Lewandowski has played for some of the world's best coaches at Bayern – Pep Guardiola, Carlo Ancelotti and now Jupp Heynckes – but he credits former Dortmund and current Liverpool boss Jürgen Klopp with moulding him into a true world-class talent. "He was the one who gave me belief," Lewandowski explained. "In the first three or four months in training, we would have this game, him against the striker, a bet between me and him. In the first few sessions he was always winning – but after that, not so much. It was €50 a game and by the end I had a positive balance! But I saw for the first time how important it was to train. Jürgen Klopp made me the footballer I am. I haven't changed anything at Bayern, I'm just using different weapons in my artillery. But I shaped my career in Dortmund."

- © gettyimages

9) A well-stocked trophy cabinet

Since the start of the 2011/12 season, only Barcelona's Lionel Messi and Real Madrid's Cristiano Ronaldo have scored more goals than Lewandowski, which goes some way to explaining why he has almost as many individual trophies to his name as he does team honours. As well as his seven Player of the Year awards in Poland, he has finished as the league's top scorer five times in 11 seasons. Winner of the Bundesliga Torjägerkanone in 2014 and 2016, he looks nailed on to become just the fourth player – after Gerd Müller, Karl-Heinz Rummenigge and Ulf Kirsten – to lift the top scorer's cannon for a third time. He is also on course for a fourth straight Bundesliga title with the Bavarian giants – after the two he won with Dortmund – and has claimed a domestic Cup crown with each of his three top-flight clubs. Only the Champions League has eluded him thus far. He was on the losing side as Bayern edged BVB at Wembley in 2013, but he could still get his hands on Europe's top prize in 2017/18, with Heynckes' side chasing another Bundesliga, DFB Cup and Champions League treble.   

10) Brains to match the brawn

"Lewandowski is the most professional player I have ever met," Guardiola once said. "He thinks about the right food, sleep and training, 24 hours a day. He's always there, never injured, because he focuses on these things, and he knows what's important to be in the best condition." Like any world-class player, the Poland captain has worked incredibly hard to remain at the peak of his powers, instead of simply relying on his natural talent. He clearly has one eye on the future as well, having completed a Bachelor's degree in Physical Education the day after Poland secured their place at the 2018 World Cup. Defending a thesis based on his own career, Lewandowski was given the highest possible grade by the marking panel at the Warsaw School of Education in Sport, rounding out a decade of study in style. He is also the co-owner of a successful venture capital fund back in Poland.

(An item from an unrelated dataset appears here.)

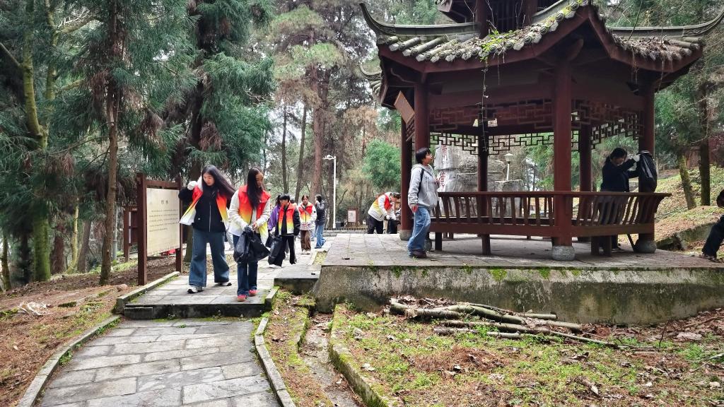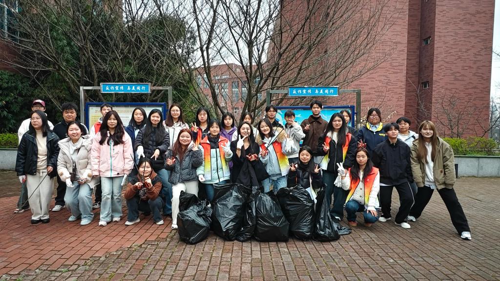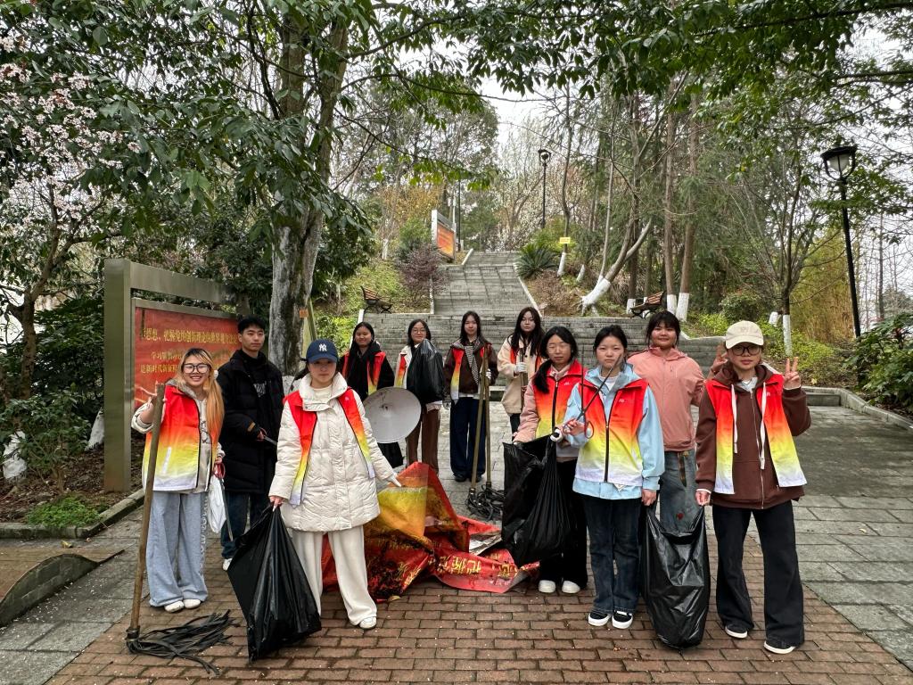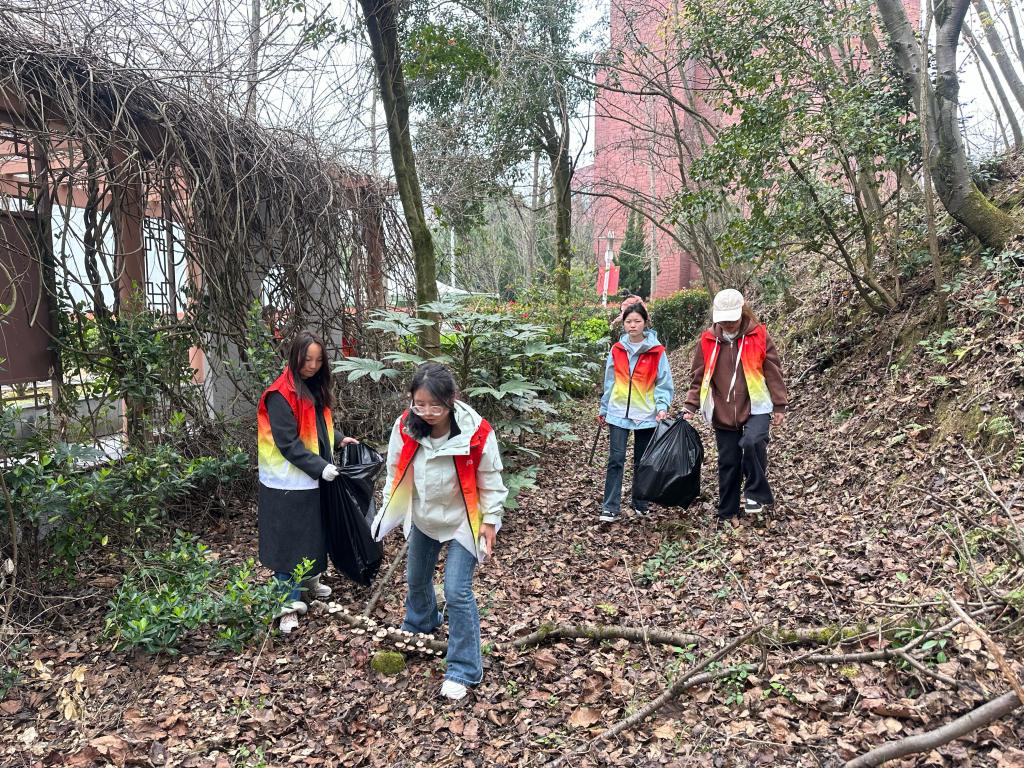 随后,全体师生分为两组,对大松山、银杏大道、小松山等区域进行了细致清理。大家分工协作,认真捡拾树丛中、路边及山坡上遗留的果皮纸屑等垃圾,不放过任何一个角落。参与活动的同学们表示:“来到学校半年了,还没从大小松山上欣赏过校园的美丽。今天用自己的微薄之力为校园的春天增添了一份绿意,感到非常有意义。”

All in all, it's been a pretty successful decade for a man who only turns 30 on 21 August – a birthday he shares with fellow trailblazers Usain Bolt, the fastest man on the planet, and Wilt Chamberlain, the only basketball player to score 100 points in an NBA game. But in so many ways, Robert Lewandowski stands alone – and he will surely go down as one of the all-time Bundesliga greats.